Vitalikの最新長文:AI時代、コードはどうすればより安全になるのか?
- 核心的な見解:Vitalik は、AI がもたらすセキュリティ上の課題に対して、形式検証は万能薬ではないが、AI と組み合わせることで、より信頼性の高いソフトウェアセキュリティの核心を構築できると考えている。特にスマートコントラクトや ZK 証明などの複雑な暗号システムにおいて、これはネットワークセキュリティにおける防御側の優位性を確保するための重要な道筋である。
- 重要な要素:
- 形式検証は、機械が検証可能な数学的証明を用いてコードの正しさを検証する手法だが、ハードルが高い。AI がコードや証明の作成を補助することで、現実的な意味を持ち直す。
- 「証明可能な安全性」は絶対的な安全を意味するわけではなく、仮定の欠落、仕様の誤り、ハードウェアの境界、サイドチャネル攻撃などによって無効化される可能性がある。しかし、従来の手法よりも信頼性の高いセキュリティパラダイムを提供する。
- イーサリアムの将来を支える STARK、ZK-EVM などの複雑なコンポーネントは、その中核となるセキュリティ目標が比較的明確であり、AI 支援による形式検証の適用に最も適している。
- AI は多数の欠陥のあるコードを生み出すだろうが、ソフトウェアは「セキュリティの核心」と「安全でないエッジコンポーネント」に分化し、形式検証によってセキュリティの核心の信頼性を確保できる。
- AI と形式検証は非常に相補的な技術である。AI はコーディング効率を高めるが正確性を低下させる一方、形式検証は正確性を回復し、過去よりも強力になり得る。
Original title: A Shallow Dive into Formal Verification
Original author: Vitalik
Original translation: Peggy, BlockBeats
Editor's note: As AI programming capabilities rapidly advance, software security is facing a new paradox: AI can generate code more efficiently, and it can also discover vulnerabilities more efficiently. This issue is particularly critical for the crypto industry. Once defects appear in smart contracts, ZK proofs, consensus algorithms, and on-chain asset systems, the consequences are often not ordinary software errors, but irreversible loss of funds and erosion of trust.

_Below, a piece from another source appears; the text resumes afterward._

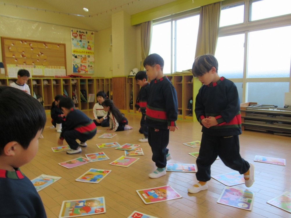 大きなかるたで遊んでいるひまわり組のお友達。絵札が大きいので部屋中を歩き回って探していました!まだ絵をヒントに探している子が多いですが、自分の名前のひらがなは読めるよ!という子もいます。かるたを通して少しずつひらがなへの関心が持てたらいいなと遊びに取り入れています(*^▽^*)

What Vitalik discusses in this article is precisely another path for code security in the age of AI: formal verification. Simply put, it does not rely on human auditors examining code line by line, but instead formulates the properties that a program should satisfy as mathematical propositions, and then uses machine-checkable proofs to verify whether these properties hold. In the past, formal verification remained a relatively niche field of research and engineering due to its high barriers and cumbersome processes; however, as AI can assist in writing code and proofs, this method is regaining practical significance.

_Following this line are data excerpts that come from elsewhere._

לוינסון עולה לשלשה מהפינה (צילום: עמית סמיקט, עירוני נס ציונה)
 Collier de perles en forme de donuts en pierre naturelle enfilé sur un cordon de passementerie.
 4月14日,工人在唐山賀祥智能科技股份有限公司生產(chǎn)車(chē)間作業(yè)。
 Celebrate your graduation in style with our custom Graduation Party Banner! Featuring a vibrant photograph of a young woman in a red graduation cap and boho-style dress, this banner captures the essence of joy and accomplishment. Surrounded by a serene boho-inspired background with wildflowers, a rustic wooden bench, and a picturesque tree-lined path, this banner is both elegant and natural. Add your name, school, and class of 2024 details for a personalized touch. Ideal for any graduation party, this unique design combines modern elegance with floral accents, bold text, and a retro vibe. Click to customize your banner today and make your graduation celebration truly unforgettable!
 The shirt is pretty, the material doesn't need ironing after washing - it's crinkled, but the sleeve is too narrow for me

The core judgment of the article is not that "formal verification can solve all security problems." On the contrary, Vitalik repeatedly reminds us that so-called "provable security" does not equal absolute security: proofs may miss key assumptions, the specifications themselves may be written incorrectly, and unverified code, hardware boundaries, and side-channel attacks can also become new sources of risk. Nevertheless, it still offers a more reliable security paradigm: expressing the developer's intent in multiple ways, and then letting the system automatically check whether these expressions are compatible with each other.
This is especially important for Ethereum. Future Ethereum will increasingly rely on complex underlying components, including STARKs, ZK-EVM, quantum-resistant signatures, consensus algorithms, and high-performance EVM implementations. The implementation of these systems is extremely complex, but their core security goals can often be relatively clearly formalized. It is precisely in such scenarios that AI-assisted formal verification can realize its greatest potential: let AI be responsible for writing efficient code and proofs, and let humans be responsible for checking whether the final proven propositions truly correspond to the security goals they intend to achieve.
From a broader perspective, this article is also Vitalik's response to cybersecurity in the age of AI. Faced with stronger AI attackers, the answer is not to abandon open source, abandon smart contracts, or re-rely on a few centralized institutions, but to compress critical systems into smaller, more verifiable, and more trustworthy "security cores." AI will cause a massive increase in rough code, but it may also make truly important code safer than ever before.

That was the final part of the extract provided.